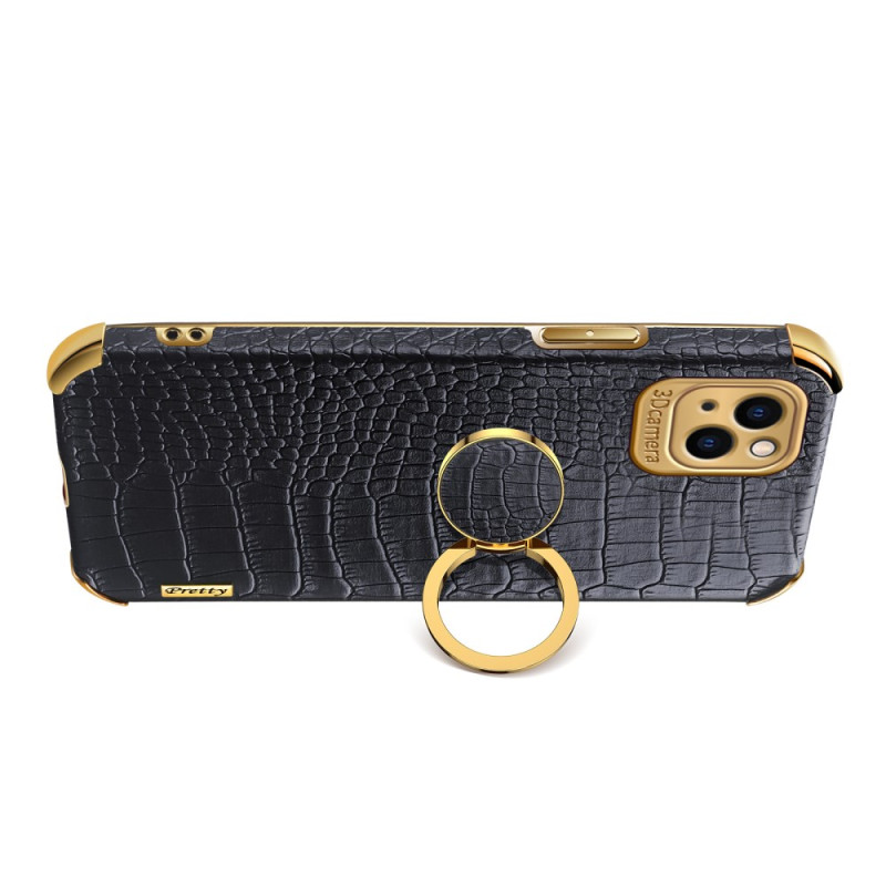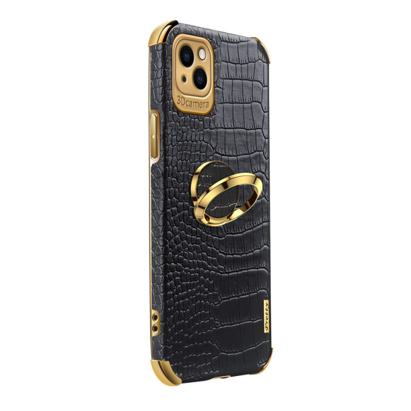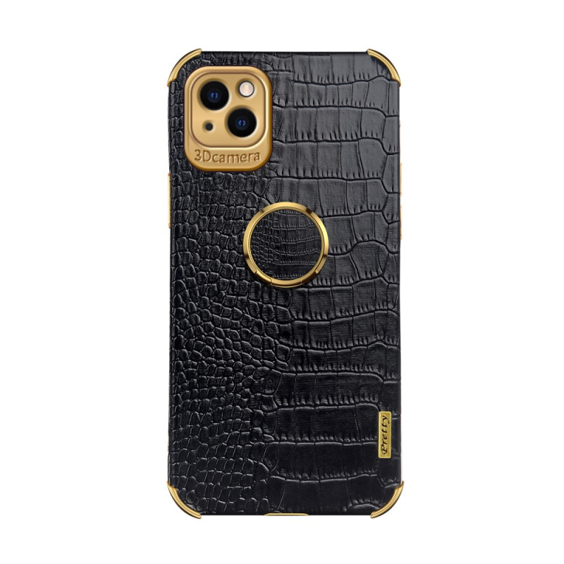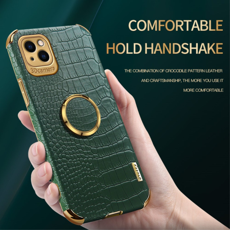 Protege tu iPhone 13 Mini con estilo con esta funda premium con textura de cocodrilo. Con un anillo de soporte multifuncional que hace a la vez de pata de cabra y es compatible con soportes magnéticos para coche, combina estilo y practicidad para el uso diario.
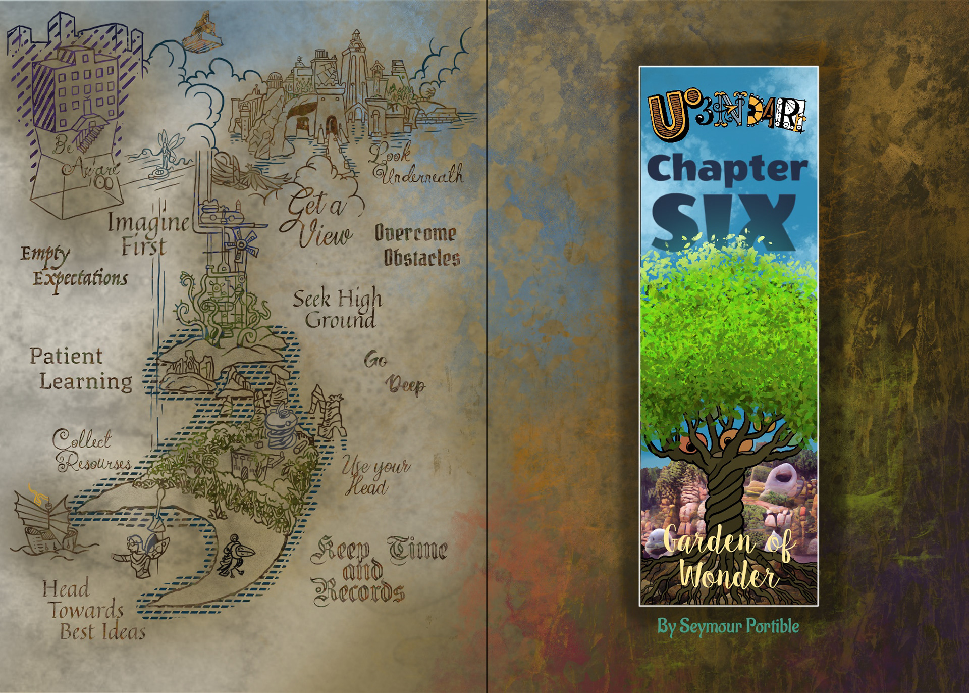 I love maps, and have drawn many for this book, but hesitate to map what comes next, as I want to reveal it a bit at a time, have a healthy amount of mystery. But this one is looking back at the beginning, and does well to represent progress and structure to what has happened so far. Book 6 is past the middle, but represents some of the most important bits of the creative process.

==

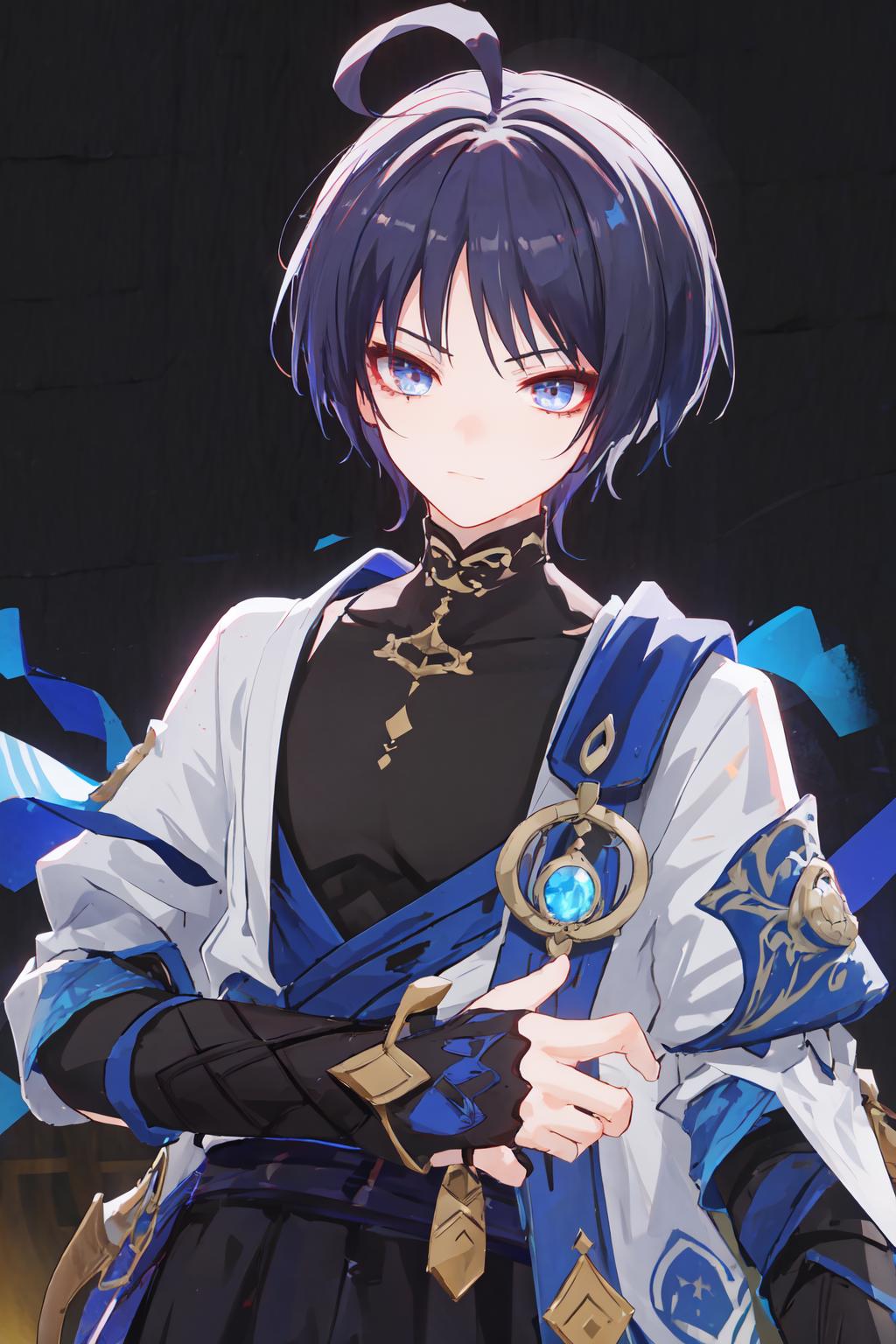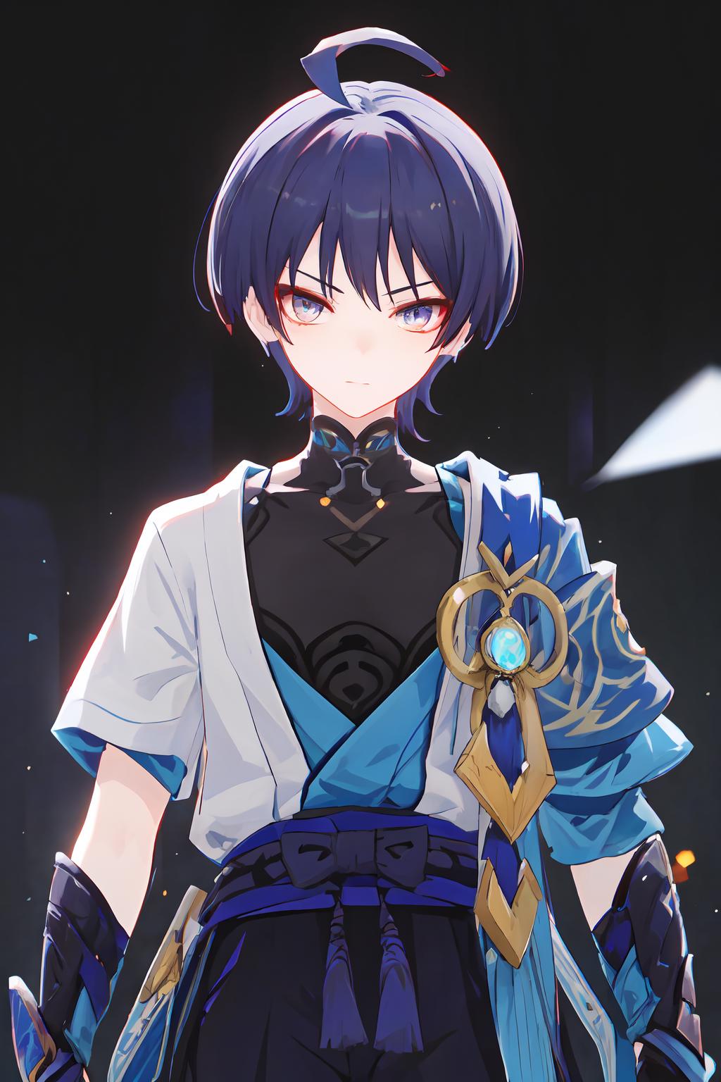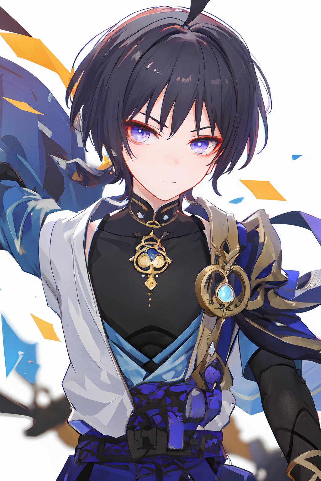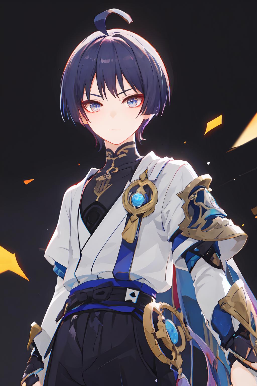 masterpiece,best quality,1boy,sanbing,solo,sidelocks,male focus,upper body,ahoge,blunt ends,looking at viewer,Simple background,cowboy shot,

**TASK ITEM**
Could you output exactly the lines above, from the line with "Protege tu iPhone" up to and including the line with "I love maps, and", and nothing else, skipping the pictures?

**COMPLETED TASK**
 Protege tu iPhone 13 Mini con estilo con esta funda premium con textura de cocodrilo. Con un anillo de soporte multifuncional que hace a la vez de pata de cabra y es compatible con soportes magnéticos para coche, combina estilo y practicidad para el uso diario.
 I love maps, and have drawn many for this book, but hesitate to map what comes next, as I want to reveal it a bit at a time, have a healthy amount of mystery. But this one is looking back at the beginning, and does well to represent progress and structure to what has happened so far. Book 6 is past the middle, but represents some of the most important bits of the creative process.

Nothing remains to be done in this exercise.